Taking a step back, each card has multiple attributes or characteristics, or variables for lack of a better word that are associated with it. Two are obvious: color and value.
And this is true for other things too. People can be R vs. D and drive an electric car or not. They can be under or over 21 and can use social media more or less than 10 hrs per week. Etc., etc.
So, back to our card example, what is the probability a randomly drawn card is a diamond and 5 or below (including the Ace)? In particular it’s the AND here that indicates we’re calculating a joint probability. Similar to what we did previously, we can write this in a 2x2 table as:
card | P(\(<=5\)) | P(\(>5\)) | Total |
---|---|---|---|
P(diamond) | 0.25 | ||
P(!diamond) | 0.75 | ||
Total | 0.384 | 0.616 |
where this table now contains the probabilities instead of the counts. The values on the edges and bottom are known as the marginal probabilities.
Now you go ahead and fill out the rest of this table, assuming independence between card color and value.
To get you started, note that under the condition of independence, we know: \(P(A\ and\ B) = P(A)*P(B)\)
So, \(P(diamond\ and <=5) = P(diamond))*P(<=5) = 0.25*0.384 = 0.096\). There are 5/52 cards that meet this condition = 0.096.
.
.
.
.
Here is the complete table:
card | P(\(<=5\)) | P(\(>5\)) | Total |
---|---|---|---|
P(diamond) | 0.096 | 0.154 | 0.25 |
P(!diamond) | 0.288 | 0.462 | 0.75 |
Total | 0.384 | 0.616 |
For any row or column, we find the sum equals its parts, such as: \(P(diamond) = P(diamond\ and\ <=5) + P(diamond\ and\ >5)\), right? Said differently, the marginal probability is the sum of the appropriate joint probabilities.
5.2.1 Guided Practice
Create a 2x2 table and determine both the joint and marginal probabilities if \(A\) is the event that a family at EPS owns an electric car and \(B\) is the event that they have more than one student at EPS. Let \(P(A) = 0.2\) and \(P(B) = 0.15\), and assume that these events are independent. Find the four joint probabilities and the two missing marginal probabilities.
Let’s look at the relationship between state population and gun ownership in the PNW (which I’ll define to include WA, OR, ID and MT). Of the overall population, the breakup by states is roughly: WA 52%, OR 29%, ID, 12%, MT 7%. So if we randomly sampled people in the PNW, there’s a 52% chance they’d be from WA. And, for the region as a whole, 67% don’t own guns and 33% own 1 or more gun.
- Suppose two people are selected at random. What is the probability that both are from WA? What is the probability that neither are from WA?
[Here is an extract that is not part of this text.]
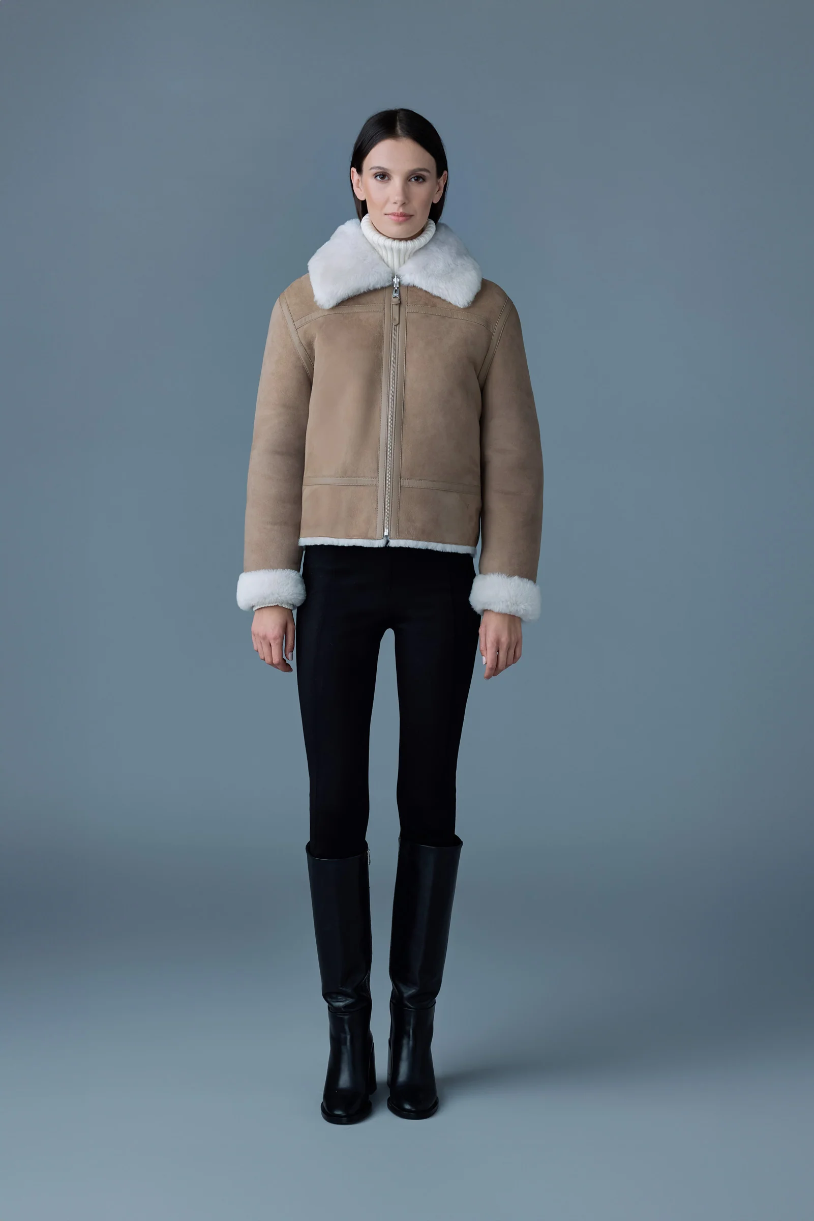 BETTY is a sheepskin jacket with 2-in-1 reversible styling. Cut to a regular fit, one side features lush shearling fur while the reverse shows paneled leather. Versatile styling in a trans-seasonal piece.

- Supposing state and gun ownership are independent, what is the probability that random person is from OR AND owns one or more guns?
- Supposing state and gun ownership are independent, what is the probability that random person is not from WA AND doesn’t own a gun?
num of people | WA | OR | ID | MT | total |
---|---|---|---|---|---|
don’t own a gun | 0.67 | ||||
own one or more gun | 0.33 | ||||
total | 0.52 | 0.29 | 0.12 | 0.07 |
In other words, here I’ve given you the marginal probabilities, so can you fill out a table with the joint probabilities?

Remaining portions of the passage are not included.